### Materials provided
■ ■ ■ ■ ■
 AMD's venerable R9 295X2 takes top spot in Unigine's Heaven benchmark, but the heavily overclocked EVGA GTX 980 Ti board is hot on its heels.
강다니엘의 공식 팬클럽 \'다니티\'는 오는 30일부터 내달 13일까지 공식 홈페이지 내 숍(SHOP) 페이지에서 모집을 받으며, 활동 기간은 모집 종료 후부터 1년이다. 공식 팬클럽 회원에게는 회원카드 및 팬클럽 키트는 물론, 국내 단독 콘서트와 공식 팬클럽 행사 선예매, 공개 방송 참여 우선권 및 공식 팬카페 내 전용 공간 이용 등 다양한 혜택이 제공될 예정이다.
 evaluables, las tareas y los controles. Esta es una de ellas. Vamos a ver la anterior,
■ ■ ■ ■ ■
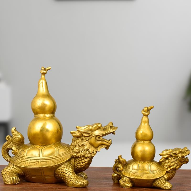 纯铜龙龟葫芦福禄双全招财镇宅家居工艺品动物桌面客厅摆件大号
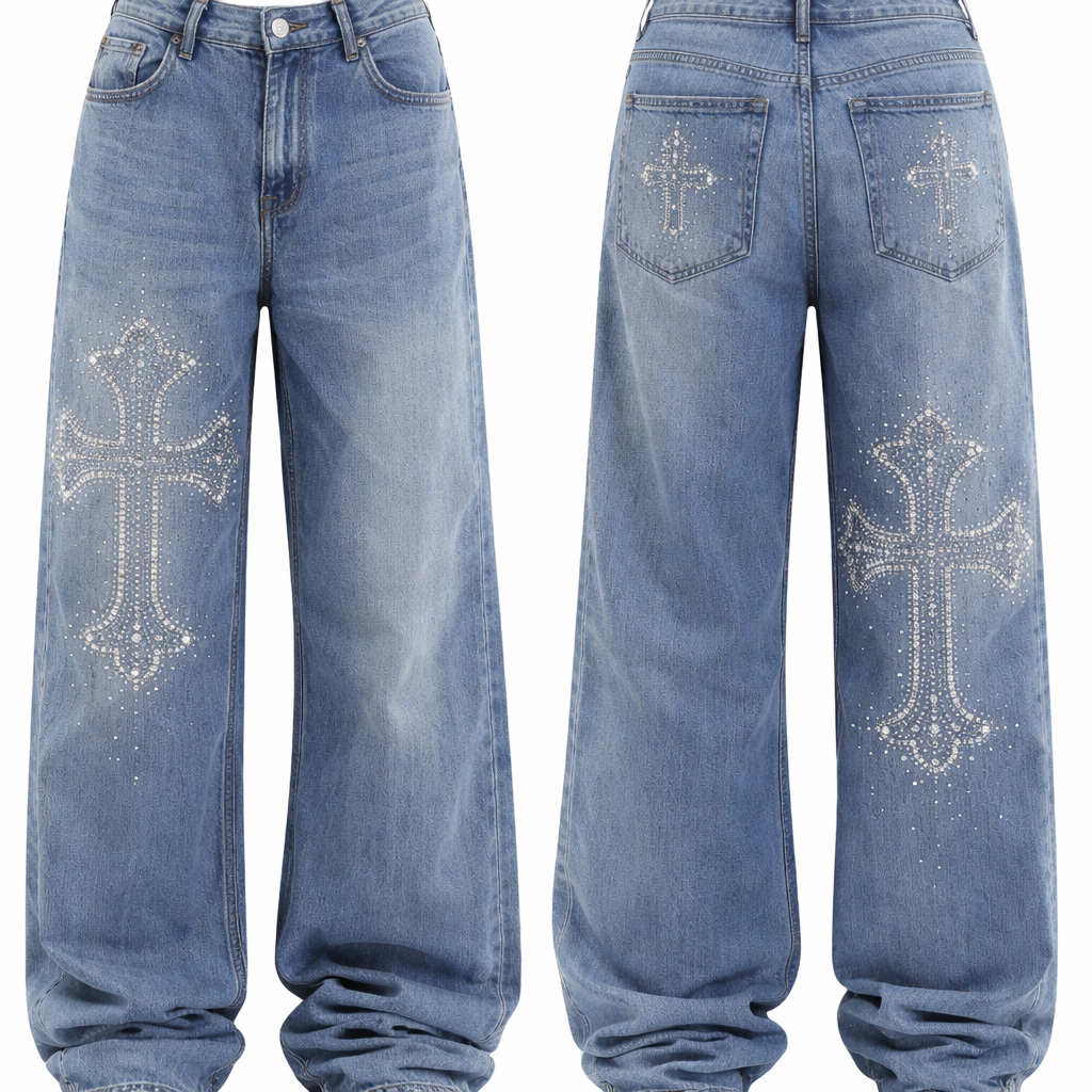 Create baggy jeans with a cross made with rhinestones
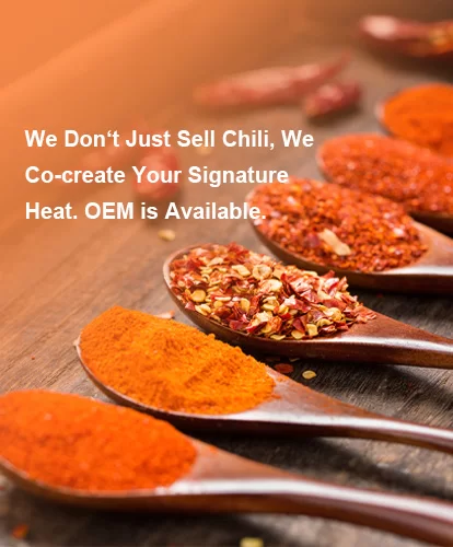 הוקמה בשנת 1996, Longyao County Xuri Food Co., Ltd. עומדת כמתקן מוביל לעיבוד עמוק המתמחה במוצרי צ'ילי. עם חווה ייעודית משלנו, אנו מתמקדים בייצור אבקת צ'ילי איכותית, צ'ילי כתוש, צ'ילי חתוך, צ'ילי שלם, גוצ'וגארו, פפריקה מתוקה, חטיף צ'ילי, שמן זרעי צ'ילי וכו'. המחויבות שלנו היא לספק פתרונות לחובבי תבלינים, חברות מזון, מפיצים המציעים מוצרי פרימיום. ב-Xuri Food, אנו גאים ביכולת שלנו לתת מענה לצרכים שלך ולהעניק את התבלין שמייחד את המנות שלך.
■ ■ ■ ■ ■
### Work order
Reproduce exactly, and only, the part of the listing above that begins at the line with "AMD's venerable R9" and goes on through the line with "evaluables, las tareas".

### Response
 AMD's venerable R9 295X2 takes top spot in Unigine's Heaven benchmark, but the heavily overclocked EVGA GTX 980 Ti board is hot on its heels.
강다니엘의 공식 팬클럽 \'다니티\'는 오는 30일부터 내달 13일까지 공식 홈페이지 내 숍(SHOP) 페이지에서 모집을 받으며, 활동 기간은 모집 종료 후부터 1년이다. 공식 팬클럽 회원에게는 회원카드 및 팬클럽 키트는 물론, 국내 단독 콘서트와 공식 팬클럽 행사 선예매, 공개 방송 참여 우선권 및 공식 팬카페 내 전용 공간 이용 등 다양한 혜택이 제공될 예정이다.
 evaluables, las tareas y los controles. Esta es una de ellas. Vamos a ver la anterior,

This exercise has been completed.